A lightweight Java implementation of the TextRank algorithm for automatic text summarization. This project builds a graph-based model where sentences are represented as nodes, and edges are weighted based on sentence similarity. Using Dijkstra's algorithm for centrality calculation, it extracts the most important sentences to generate concise summaries.
- Text Input & Processing: Input multi-sentence text and automatically split into sentences
- Graph Construction: Build similarity graph between sentences based on word overlap
- Centrality Scoring: Calculate sentence importance using Dijkstra's shortest path algorithm
- Automatic Summarization: Generate summaries by selecting top-ranked sentences
- Keyword Extraction: Extract and rank important keywords from the text
- Sentence Search: Linear search functionality to find sentences containing specific keywords
- Graph Visualization: Display the adjacency list representation of the sentence graph
- BFS Traversal: Explore the graph using Breadth-First Search starting from any sentence
- Statistics Display: Show text statistics including sentence count, word count, and graph metrics
- Stack-based Operations: Find top sentence using stack data structure
- Interactive Menu: User-friendly console interface with numbered menu options
- Java Development Kit (JDK) 8 or higher
- No external dependencies required (uses only standard Java libraries)

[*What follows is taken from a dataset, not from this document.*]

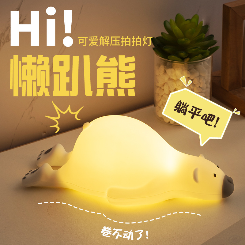 かわいい怠惰な熊が小夜灯をたたいてミニシリコンled小夜灯子供漫画寝室ベッドの雰囲気灯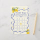 Faites de votre fête un plaisir avec ce Jeu de Bingo de Fête des mariées principal bleu jaune personnalisé! Parfait pour un thème principal de douche nuptiale serrée, ce jeu présente un design citron charmant qui ajoute une touche de fraîcheur à votre événement. Que vous planifiez une fête de citron nuptiale de douche ou que vous cherchiez une inspiration pour le thème de la douche nuptiale citron, ce jeu de bingo est un grand ajout. Idéal pour les idées de douche nuptiale à thème citron, les idées de douche nuptiale à thème citron italien, et les idées de douche nuptiale d'été!

- Clone or download the project files
- Navigate to the project directory
- Compile the Java source files:
javac -d bin src/*.java src/*/*.java- Run the application:
java -cp bin Main- Launch the application using the command above
- Use the interactive menu to:
- Input Text: Enter your text (end with empty line)
- Generate Summary: Create automatic summary with top keywords and sentences
- Display Graph: View the sentence similarity graph
- Search Sentences: Find sentences containing specific keywords
- BFS Traversal: Explore graph connectivity
- View Statistics: Check text and graph metrics
- Find Top 1: Get most important sentence using stack operations
1. Input Teks
-> Enter your text paragraph here
-> Press Enter on empty line to finish
2. Generate Ringkasan
-> View top keywords
-> See sentence rankings with centrality scores
-> Get automatic summary (top 3 sentences)
-
Text Preprocessing:
- Split input text into individual sentences
- Tokenize sentences into words
- Remove stopwords (English and Indonesian)
-
Graph Construction:
- Each sentence becomes a node
- Edge weights represent sentence similarity (based on shared words)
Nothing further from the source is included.